According to the material disclosure, the sides exchanged proposals and held in-person meetings but failed to reach agreement, with the company stating it did not accept the creditors’ terms. The documents expose a critical financial position at the Mexico subsidiary: roughly US$2.3bn in gross debt, accelerating cash burn and reliance on a deep restructuring to keep operations running.
Structure under strain
The papers describe a prolonged period of compressed margins across the petrochemicals cycle, structural constraints on ethane supply in Mexico and elevated logistics costs. Under a status-quo scenario, cash turns negative in 2026 and deepens to about US$1.7bn negative by 2029, while debt remains largely unchanged at close to US$2.3bn.
Numbers that don’t add up
Projections point to US$136m of EBITDA in 2026, with net leverage above 44 times EBITDA. Even by 2028, after a gradual operational recovery, leverage still exceeds 21 times, signalling that a cyclical rebound alone does not fix the balance sheet.
What’s at stake
Braskem Idesa’s proposal centres on a shareholder-backed, defensive solution. The package includes up to US$300m in a liquidity facility and US$400m of new equity to fund a tender offer. Bondholders would be offered two paths: an exchange at par (100%) into new notes due in 2033 with a five-year interest holiday, or a 55% cash-out capped at US$400m.

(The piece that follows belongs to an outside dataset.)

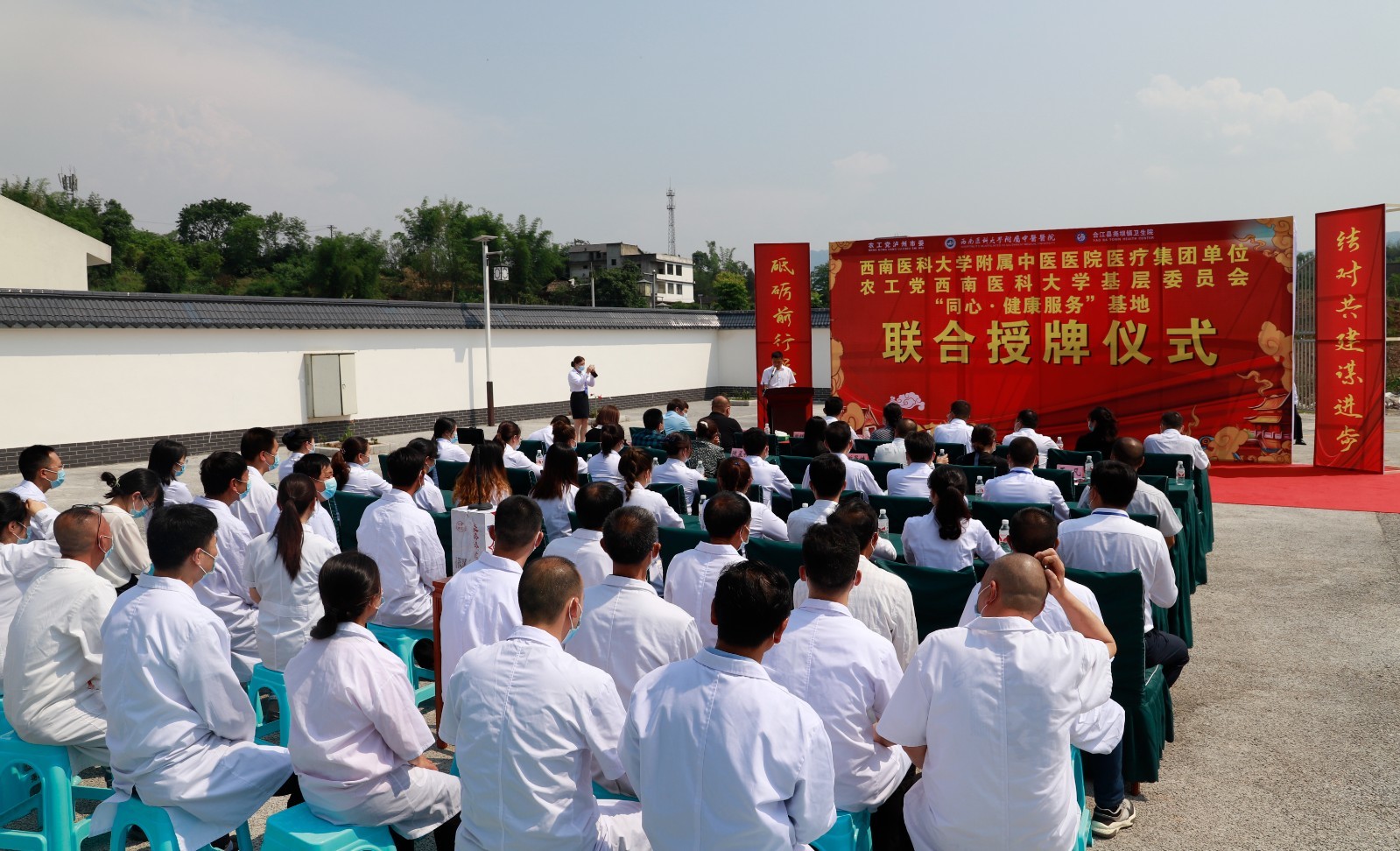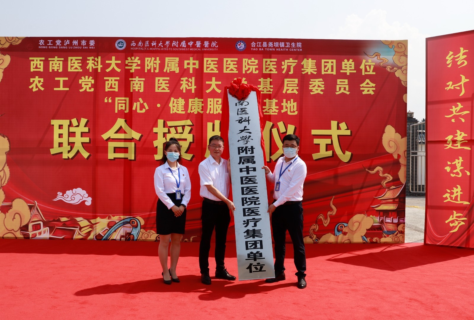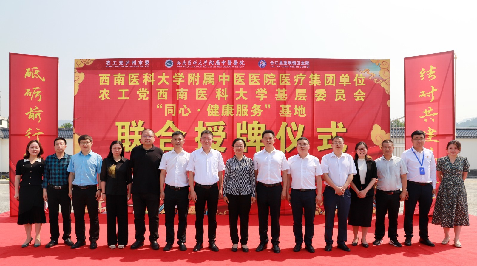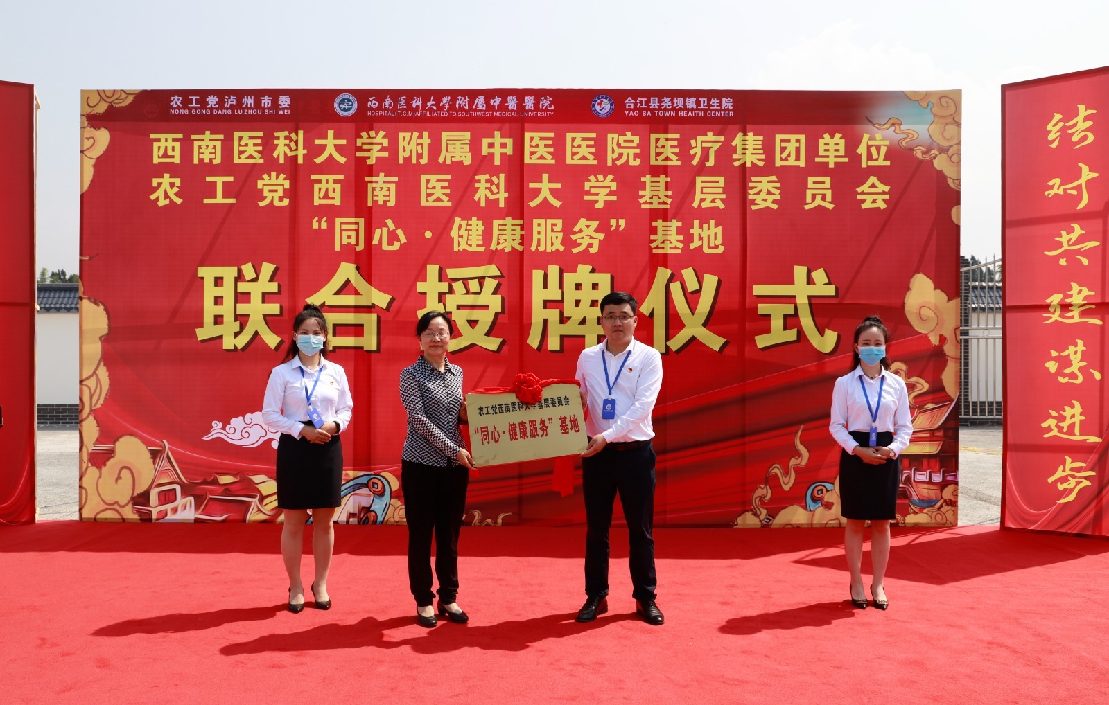 2022年5月7日,我院与合江县尧坝镇卫生院举行授牌仪式。市政协副主席、农工党泸州市委会主委唐敏,农工党泸州市委秘书长刘天明, 农工党泸州市委委员、西南医科大学基层委员会主委游向宇,我院副院长徐厚平等领导及农工党党派人员等参加了仪式。

On a pro-forma basis, debt would fall to about US$1.6bn.
Clash of proposals
Creditors countered with a tougher plan, demanding US$900m of shareholder new money, including first-lien debt at 11%, additional equity injections and tighter control over collateral, covenants and capex. The divide reflects a core conflict: management seeks time and optionality until the cycle turns, while bondholders push for immediate value capture and greater operational control.
Outlook
With no agreement in place, Braskem Idesa’s restructuring is likely to drag on. As cash deteriorates ahead of the expected petrochemicals upturn, the risk of more coercive outcomes rises through 2026, increasing pressure on shareholders and creditors to reach a swift resolution.